::: Data records
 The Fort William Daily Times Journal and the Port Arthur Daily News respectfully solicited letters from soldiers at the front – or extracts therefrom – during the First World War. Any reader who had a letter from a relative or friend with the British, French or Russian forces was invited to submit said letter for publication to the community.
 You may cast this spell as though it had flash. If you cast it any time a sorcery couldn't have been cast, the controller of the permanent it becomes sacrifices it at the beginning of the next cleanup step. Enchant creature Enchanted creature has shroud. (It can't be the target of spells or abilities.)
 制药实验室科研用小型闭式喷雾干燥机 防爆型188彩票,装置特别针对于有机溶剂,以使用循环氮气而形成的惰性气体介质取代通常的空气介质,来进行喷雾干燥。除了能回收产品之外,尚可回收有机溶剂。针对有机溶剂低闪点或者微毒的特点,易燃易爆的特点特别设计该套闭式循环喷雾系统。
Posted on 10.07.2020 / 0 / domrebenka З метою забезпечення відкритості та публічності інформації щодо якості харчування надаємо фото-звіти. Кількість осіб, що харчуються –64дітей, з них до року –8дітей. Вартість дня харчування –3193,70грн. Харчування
::::::
::: Data records
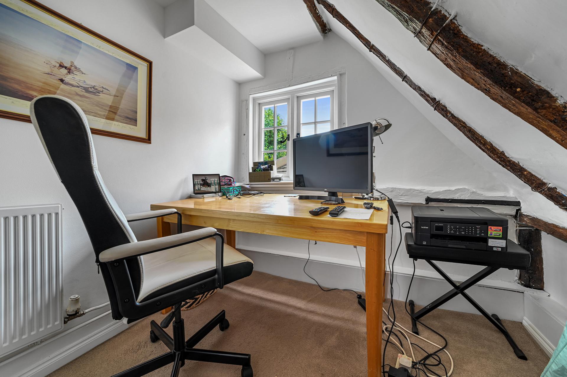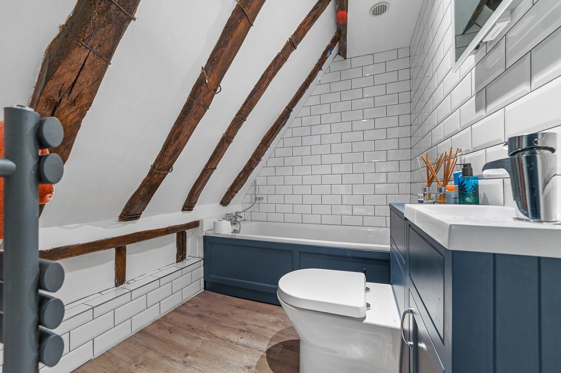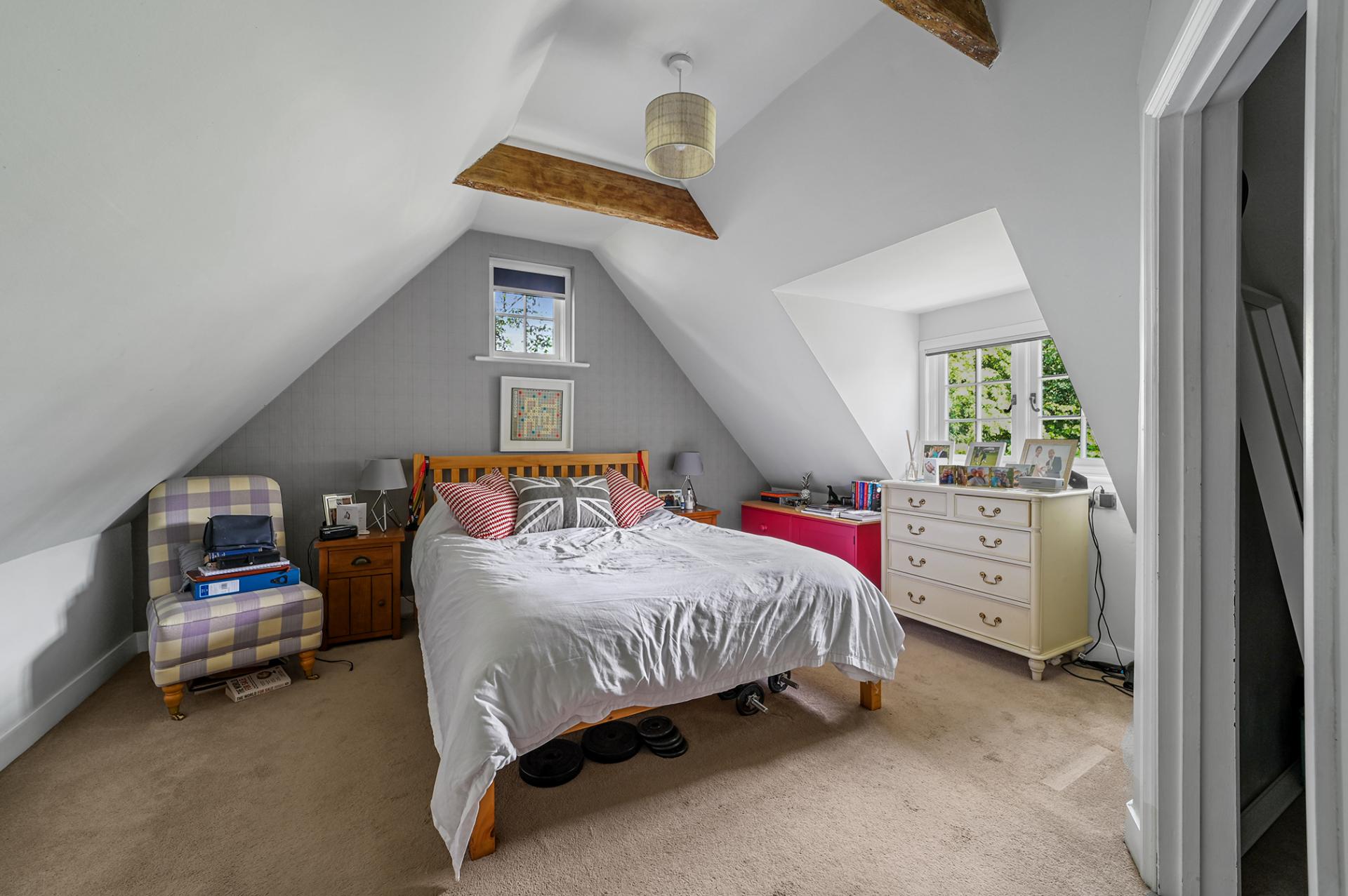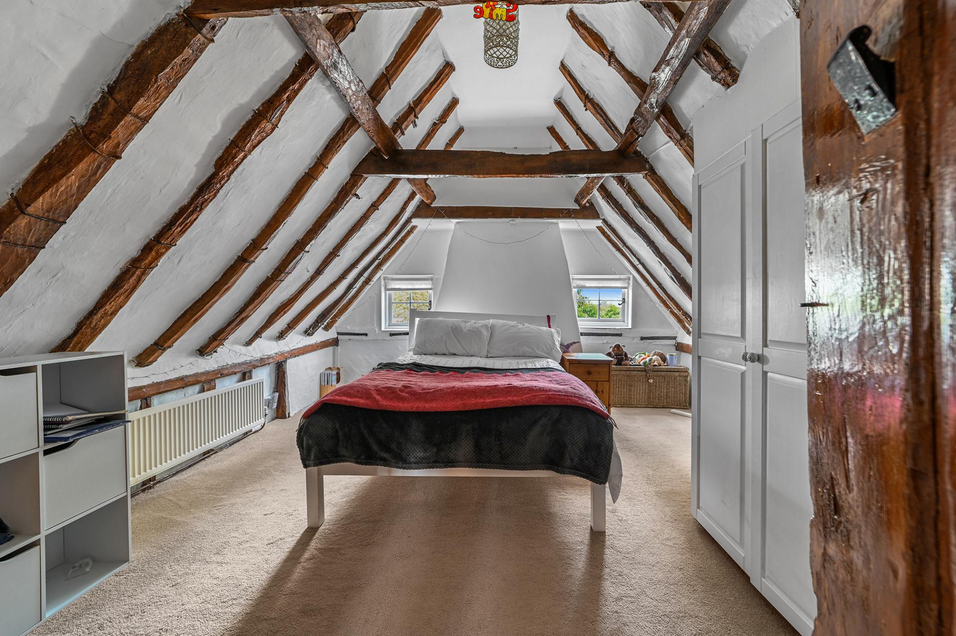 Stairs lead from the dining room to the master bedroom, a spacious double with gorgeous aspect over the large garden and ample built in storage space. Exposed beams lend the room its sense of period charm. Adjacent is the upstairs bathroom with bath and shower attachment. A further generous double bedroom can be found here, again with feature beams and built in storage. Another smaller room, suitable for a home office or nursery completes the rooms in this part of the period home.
::::::
Return exactly, and only, the lines above starting at the line that contains "You may cast" and ending at the line that contains "Posted on 10.07.2020".

 You may cast this spell as though it had flash. If you cast it any time a sorcery couldn't have been cast, the controller of the permanent it becomes sacrifices it at the beginning of the next cleanup step. Enchant creature Enchanted creature has shroud. (It can't be the target of spells or abilities.)
 制药实验室科研用小型闭式喷雾干燥机 防爆型188彩票,装置特别针对于有机溶剂,以使用循环氮气而形成的惰性气体介质取代通常的空气介质,来进行喷雾干燥。除了能回收产品之外,尚可回收有机溶剂。针对有机溶剂低闪点或者微毒的特点,易燃易爆的特点特别设计该套闭式循环喷雾系统。
Posted on 10.07.2020 / 0 / domrebenka З метою забезпечення відкритості та публічності інформації щодо якості харчування надаємо фото-звіти. Кількість осіб, що харчуються –64дітей, з них до року –8дітей. Вартість дня харчування –3193,70грн. Харчування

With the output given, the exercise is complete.